The PEs in an NVSHMEM program communicate using either point-to-point routines—such as RMA and AMO routines—that specify the PE number of the target PE, or collective routines that operate over a set of PEs. NVSHMEM teams allow programs to group a set of PEs for communication. Team-based collective operations include all PEs in a valid team. Point-to-point communication can make use of team-relative PE numbering through PE number translation.

An NVSHMEM team may be predefined (i.e., provided by the NVSHMEM library) or defined by the NVSHMEM application. An application-defined team is created by “splitting” a parent team into one or more new teams—each with some subset of PEs of the parent team—via one of the `nvshmem_team_split_*` routines.
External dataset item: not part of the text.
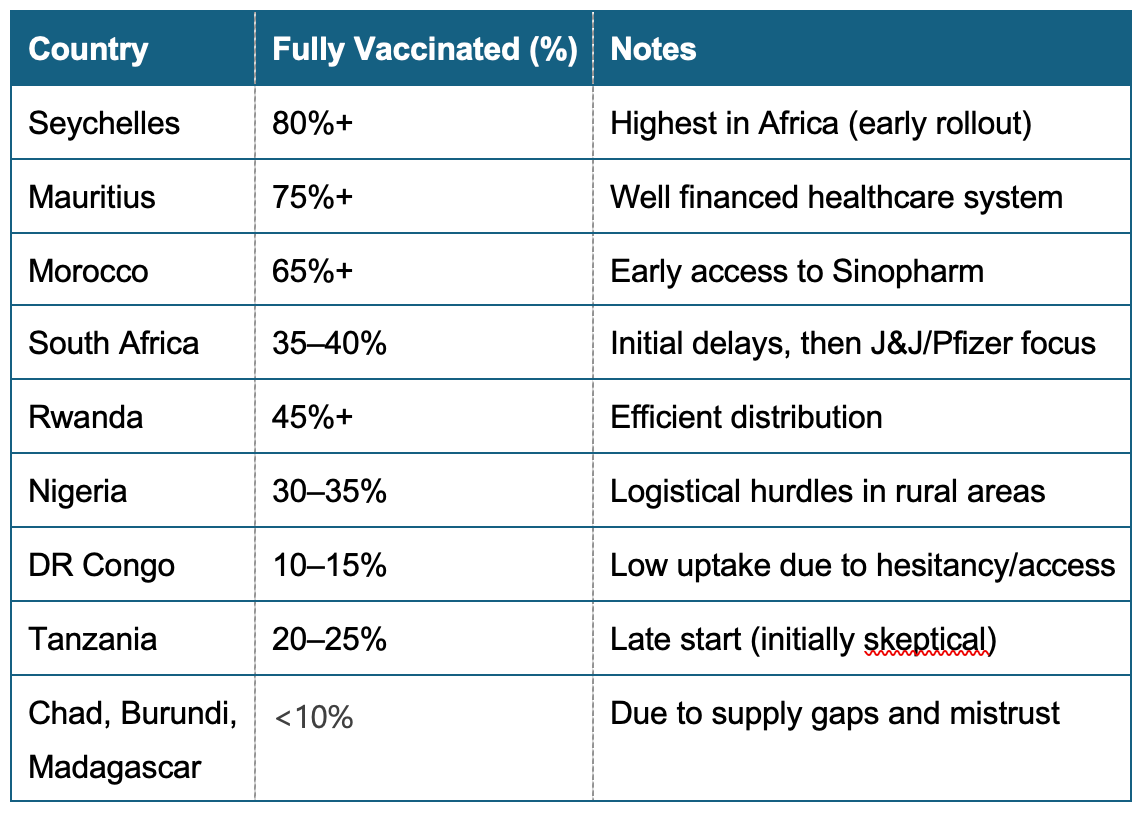 Africa had the lowest vaccination rates but also the lowest COVID-19 deaths (Okoro et al., 2025; Nordling, 2020). Here’s a snapshot:
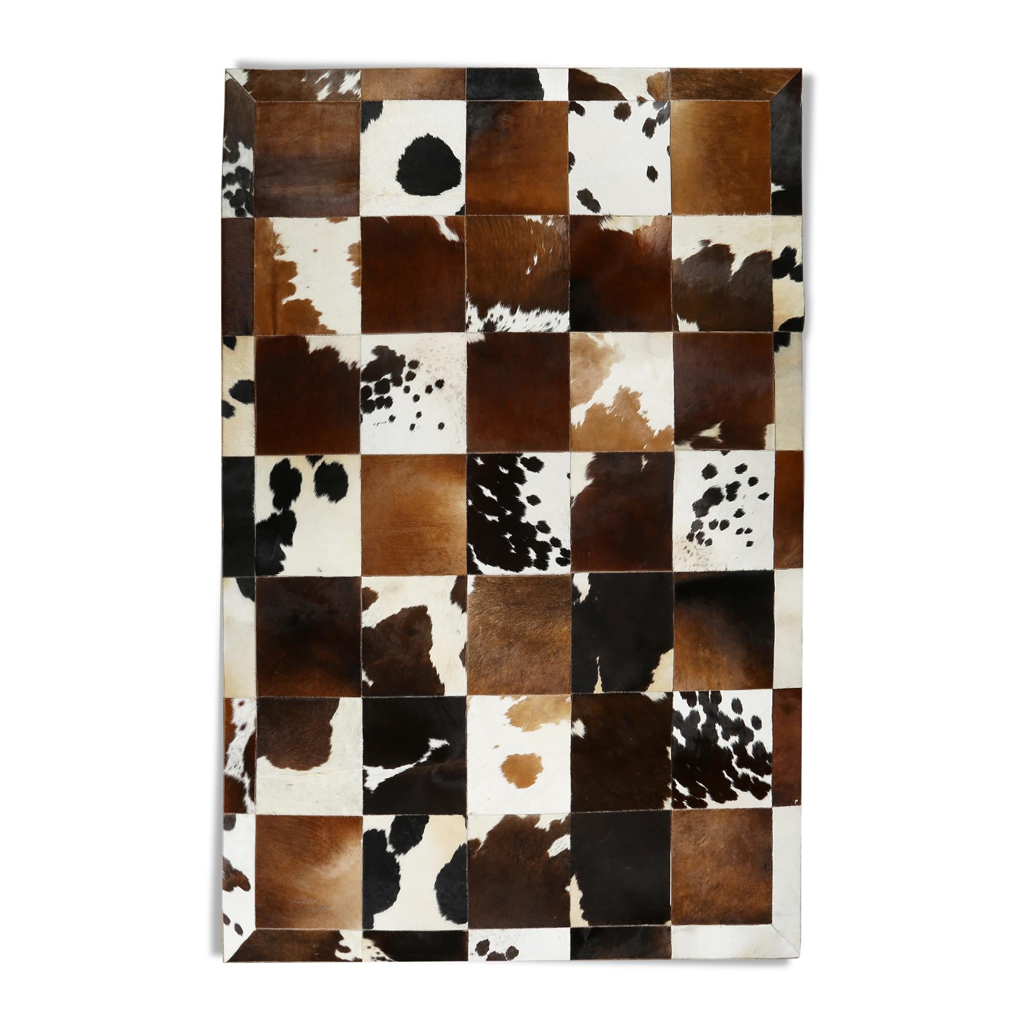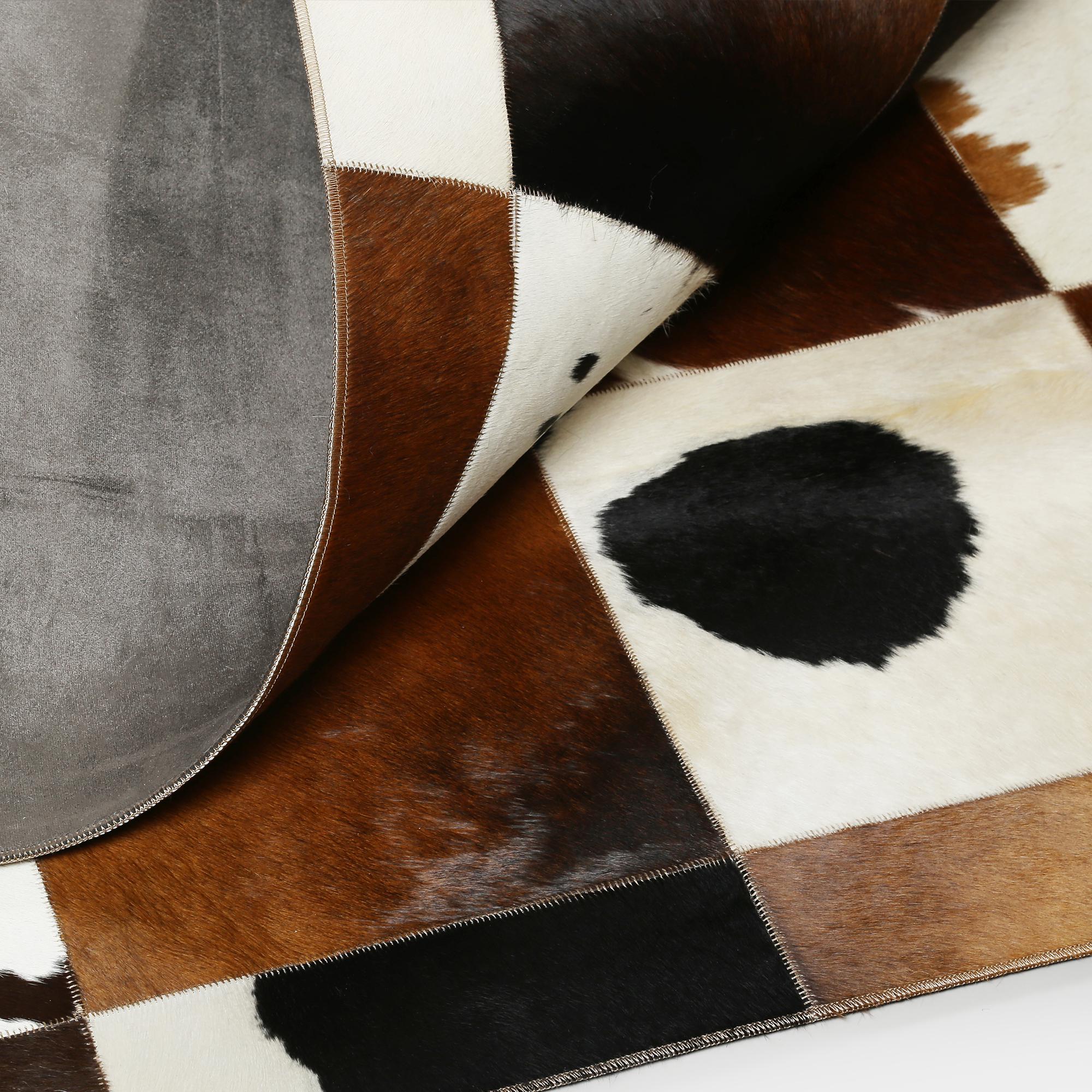 Kahverengi & doğal tonlara sahip bu dana derisi halı, doğal dokusu ve şık görünümüyle dikkat çeker.

Some of the built-in teams are listed below:
- `TEAM_WORLD` contains all PEs in the NVSHMEM runtime
- `TEAM_NODE` contains all PEs on the same node as the calling PE
- `TEAM_SHARED` contains all PEs which are in the same load-store domain as the calling PE
- `TEAM_SAME_MYPE_NODE` contains all PEs which have the same per-node PE as the calling PE.

Teams can also be created by three methods:
- `team_split_strided` creates a team based on a strided group of PEs in the runtime
- `team_split_2d` creates a team based on a 2-dimensionally strided group of PEs
- `team_init` can be used to initialize teams from arbitrary groups of PEs 


In [None]:
# Using team_split_strided to create a team with every other PE, starting with PE0
team_strided = nvshmem.team_split_strided(
    nvshmem.Teams.TEAM_WORLD, start=0, stride=2, size=min(2, nvshmem.n_pes()), config=nvshmem.TeamConfig(),
    config_mask=0, new_team_name="STRIDED_TEAM"
)
print(f"Created team with handle {team_strided} using team_split_strided")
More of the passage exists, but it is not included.